Series! I love book series! Musta been Encyclopedia Brown. He hooked me. Things got more complicated with the Lord of the Rings, and then I found nirvana–romanceland, where series abound! Victoria Holt’s family series spanning hundreds of years written as Phillippa Carr got me first. Then there were Jude Deveraux’s Montgomerys….. Ahhhh. No surprise that when I began writing myself, I was attracted to writing series.
There are as many different kinds of series as there are romance novels–series about brothers, sisters, friends, families, hometowns, military or secret organizations. Some series end–trilogies are most popular–while other series are what Suzanne Brockmann calls the “neverending” series that can go on forever. (Her Tall, Dark and Dangerous series for SIM is a good example, which she’s moved into single title with a new SEAL team and FBI agents.) Whether a series is published quickly–boom, boom, boom–one month after another, is usually determined by how closely the books are related in storyline. For example, a series about a bachelor auction with a closely-tied plotline would likely be published close together, possibly one month apart, to conclude the story for the reader quickly, while a series like Beverly Barton’s The Protectors can be published months and years apart because the series is connected by the characters and the organization, not by an overarching plotline that will be concluded at some point.
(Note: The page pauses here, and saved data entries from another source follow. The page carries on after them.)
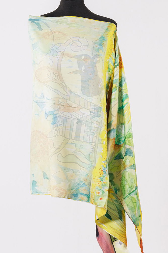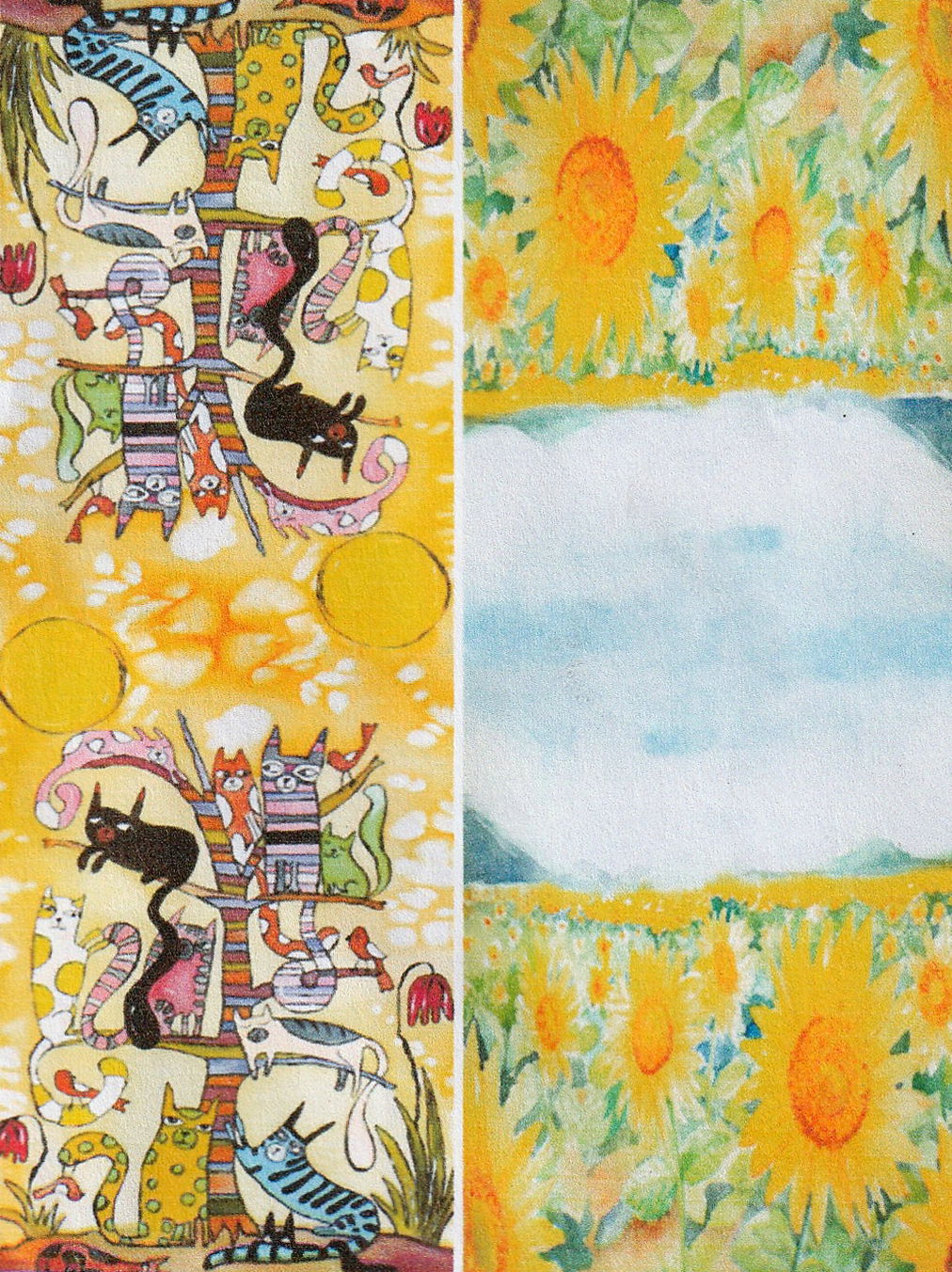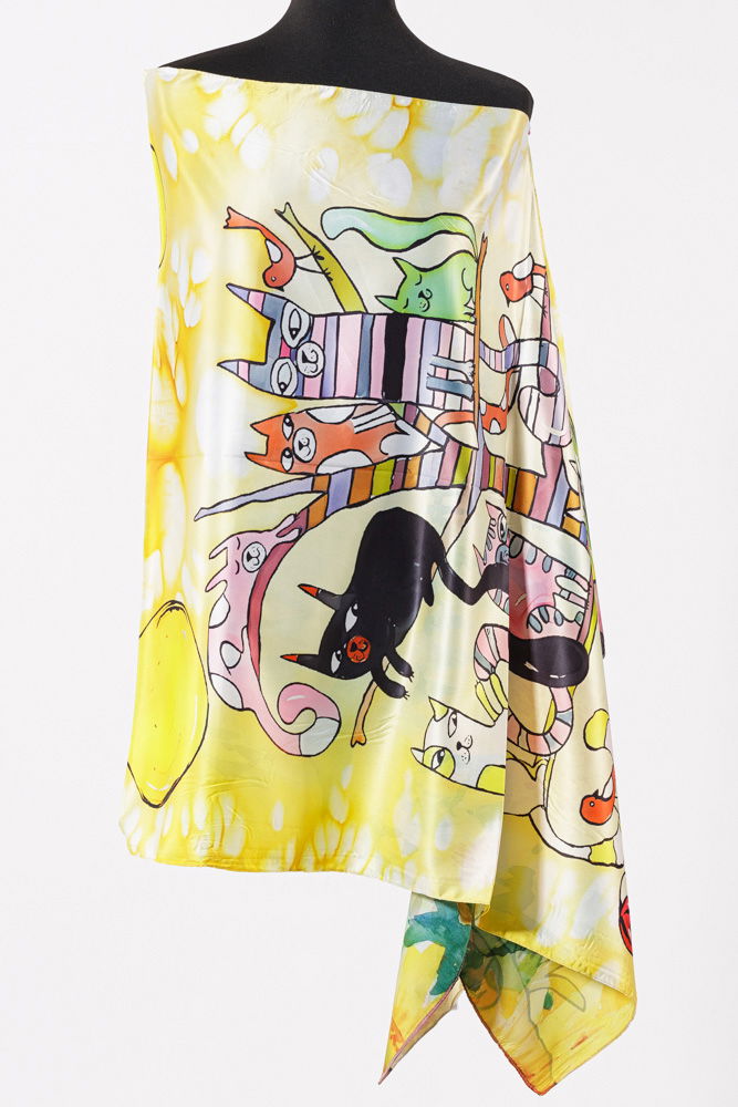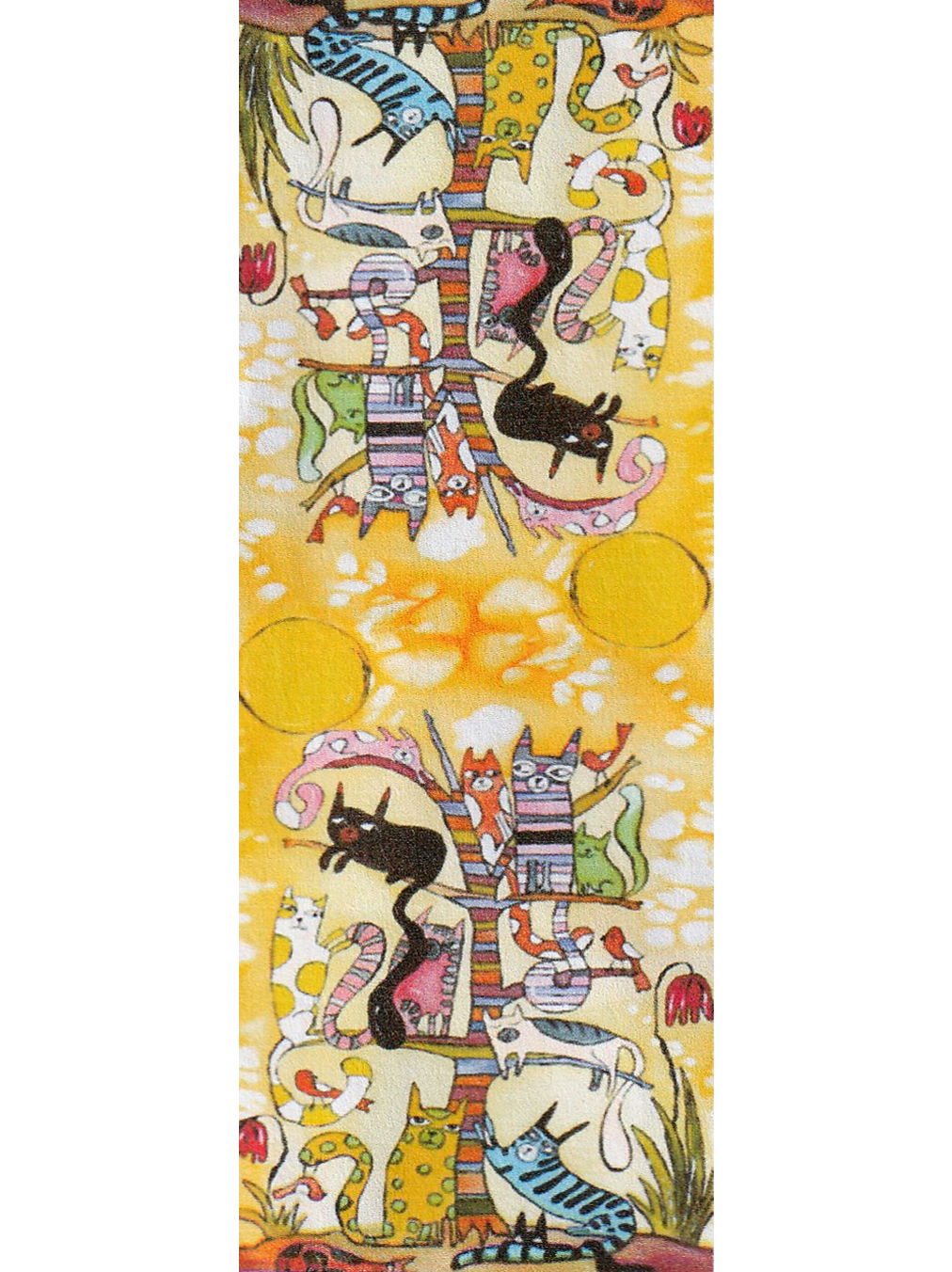 Shopika Esarfa cu doua fete, din matase, cu imprimeu diferite pisici in copac si floarea soarelui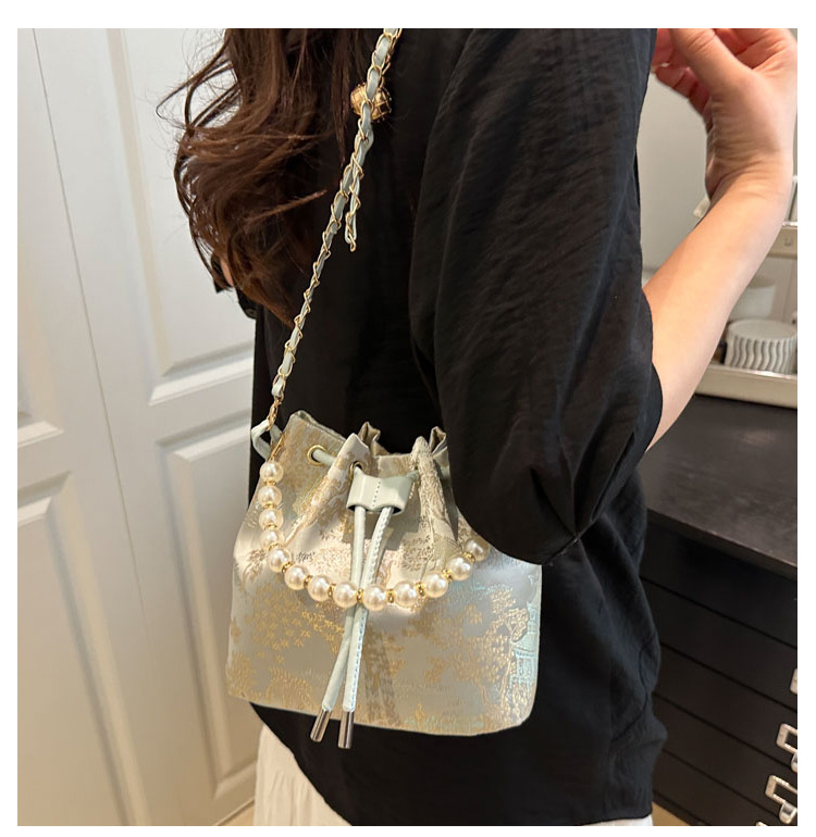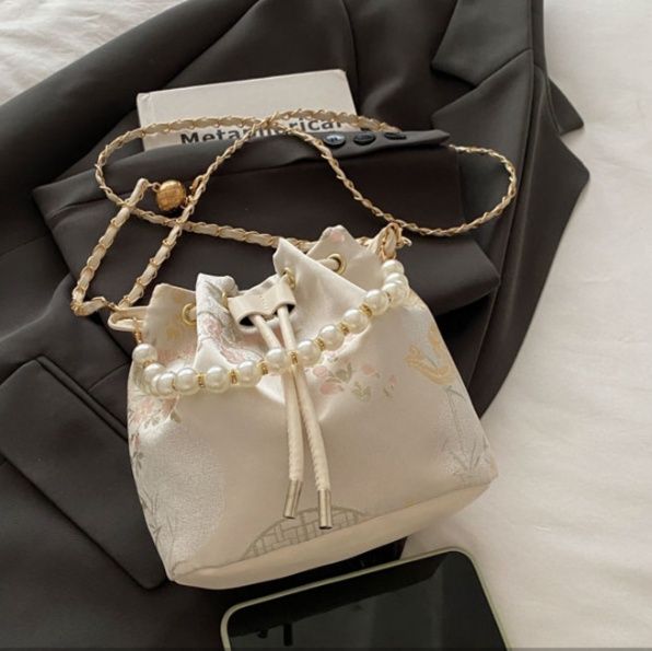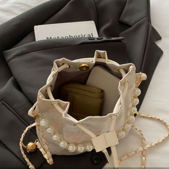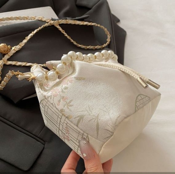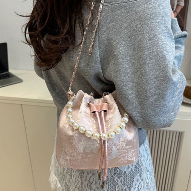 巾着特有の絞りデザインと編み込みチェーンストラップが女性らしさを演出します。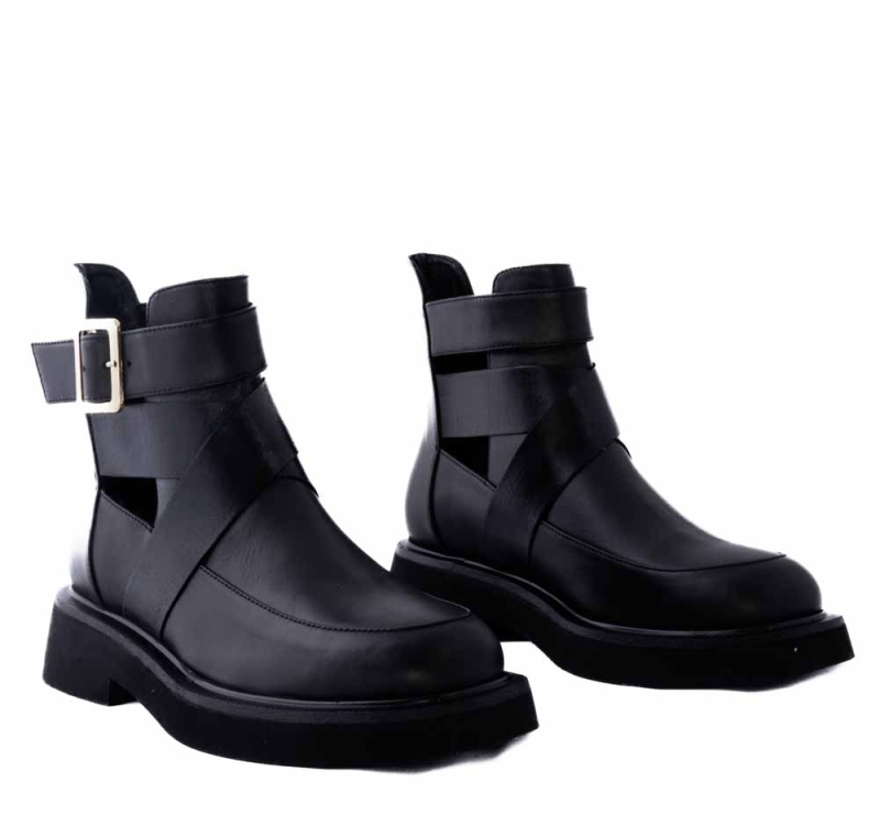 Descoperă eleganța și stilul unic cu aceste Ghete Dama din Piele Neagră, accentuate de o cataramă distinctivă. Perfecte pentru a adăuga un plus de rafinament oricărei ținute.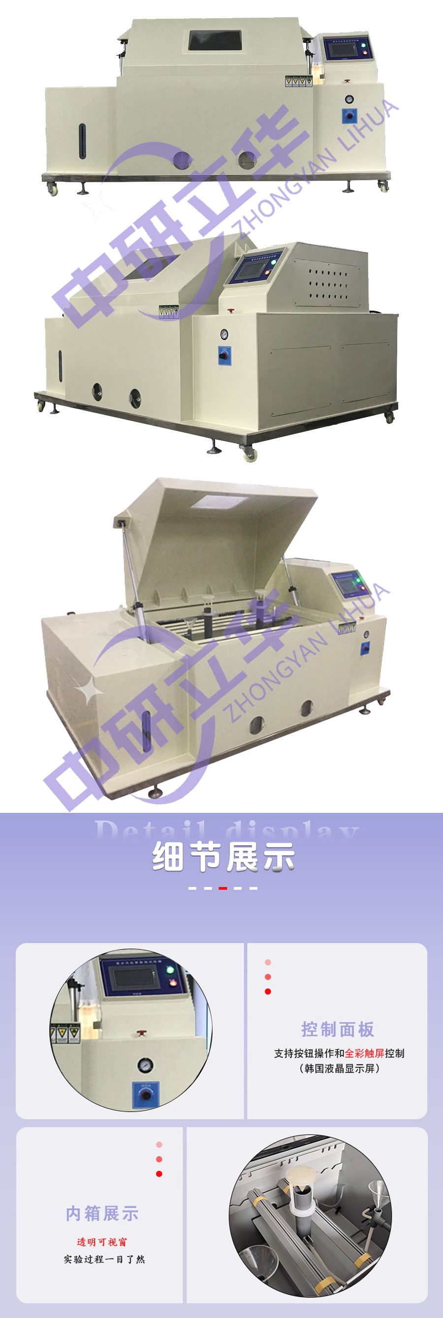 產(chǎn)品用途 溫濕度鹽霧復(fù)合試驗機(jī)是為加速腐蝕試驗中 接近實際的自然狀況,以自然環(huán)境中較常遇見之狀況加以模擬,以數(shù)倍於自然 環(huán)境之嚴(yán)苛條件加以組合測試,如鹽霧、干燥、濕潤、常溫、低溫等環(huán)境加以組合,可任意順序或單獨進(jìn)行測試。主要測試品針對在激烈環(huán)境變化下使用的產(chǎn)品, 如汽機(jī)車零配件,航空器材、攝影器材、建筑材料、電著涂膜涂料及電子電機(jī)系統(tǒng)等金屬電化學(xué)腐蝕抗抵性皆適用
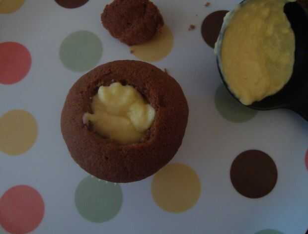 -Corte um pedaço centro bolinho, encha com crema. Feche novamanete.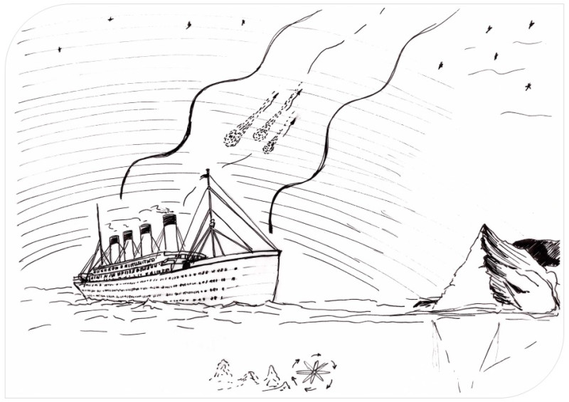 В допълнение бихме насочили вниманието ви и към това, че командният състав на „Титаник“ е игнорирал всички предупреждения за ледени полета по маршрута, първото от които е получено 14 часа преди инцидента.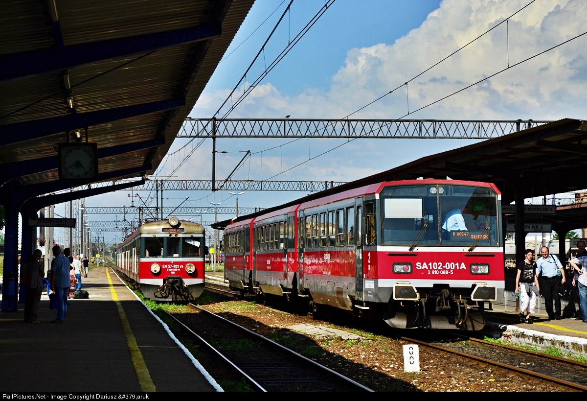 | An DMU SA102-001 during changing direction of ride on station in Szczecinek. It came as a train 88383 from Chojnice and will depart as a train 88547 to Słupsk. Nowadays all DMUs series SA101 and SA102 are out of service, some of them ware scrapped so far.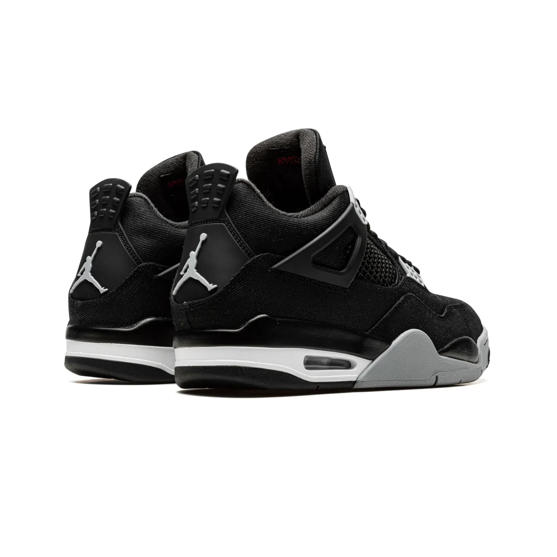 Iconic Air Jordan 4 silhouette in black canvas with grey and red accents

My PAX series is of the “neverending” variety. There is no overarching plotline, even while there are numerous fun tie-ins between the books. The books are related by organization, such as Suzanne Brockmann’s or Beverly Barton’s series. Even as some minor points are concluded in subsequent books, each book stands alone and they are designed to be readable in any order so that new readers can come into the series at any point.
I did write the other kind of series, the kind of series that includes an overarching plotline. It didn’t start out that way. I have a big old three-ring binder that I started in 1988. The book was called Deception’s Bride back then. I was dreaming about writing romance. Emphasis on the dreaming. What I did instead of writing was keep a big fat notebook of research, ideas, plans, drafts of chapters, but not much else. Like, not much real writing. I wasn’t ready to start writing. I was still dreaming. It was all very detailed, however. The scan you see is my 1988 diagram of the castle layout from my big fat notebook. (That piece of paper is 17 years old! It’s like an artifact! LOL.) Eventually, I did start writing in 1992, but I didn’t start with that historical. I started with contemporaries. I was still scared of that historical. Around 1999, I screwed up my courage and went back to that big fat notebook. And I realized I had more than one story. In 2001, the book I dreamed about in 1988 was published as My Lady Imposter, and two more linked books followed. Each book stands alone, but there is an overarching plot that weaves throughout that all stems back to one murder that occurred before the first book began. In the first book, you THINK you know what happened back then, but in the second book, you discover another layer, and in the third book, another layer. The story became something much bigger, and much more complicated, than I imagined back in 1988, or could ever have written then.
The most common question I’m asked in reader email is–what about Lizbet and Marigold, the other two sisters from my Sword and the Ring medieval series??? When I brought this series to market in 2000, I conceived it as five books but I sold it in a three-book deal. Is the series complete as a trilogy? It is. In fact, at one point I considered NOT even writing the third book, My Lady Knight, and I deliberately ended the second book, My Lady Runaway, as if it were the last book in the series. But, of course, I resurrected the storyline with a new twist in the third book, peeling away the next layer of the story. To be honest, the year I wrote My Lady Knight was probably the worst year of my life. I told my publisher, I can’t write this book. I offered to pay them back the advance and just PUT ME OUT OF MY MISERY. If you have any idea how obsessed I am with my writing career, that should give you some inkling of how bad that year of my life was. My editor at the time responded with incredible generosity and offered me all the time I needed, just please write that book. And so I did. And for that reason alone, My Lady Knight is probably one of my favorite books because I wrote it during a very bad personal time when I thought I couldn’t write a book but somehow I did. And that it was a book that tied all the way back to 1988 and all my dreams of writing was somehow apropo. Saving that book was in many ways like saving my dream.
So will I ever tell Lizbet and Marigold’s stories? I hope so! I would love to. Not right now and not in the near future, but sometime. After I wrote 1200 manuscript pages in a row with my beloved Castle Wulfere characters, I needed a change and I missed contemporaries–and I had SO many new ideas to pursue. The series was “concluded” in the third book, but I have no doubt that there is yet another facet of that story to be peeled away. Actually, I’m sure, because I know what it is. And someday…. Someday, I’ll tell you what it is. :heart:
As a writer, I love returning to the story world again and again, which is what I’m loving about writing my PAX books. I’m working on my eHarlequin online read, a PAX prequel, and I love being in that story world–it’s like going back to my hometown. What do you think about series? Do you like the “neverending” series or the kind that are tied up in a triology? Got any favorites to share?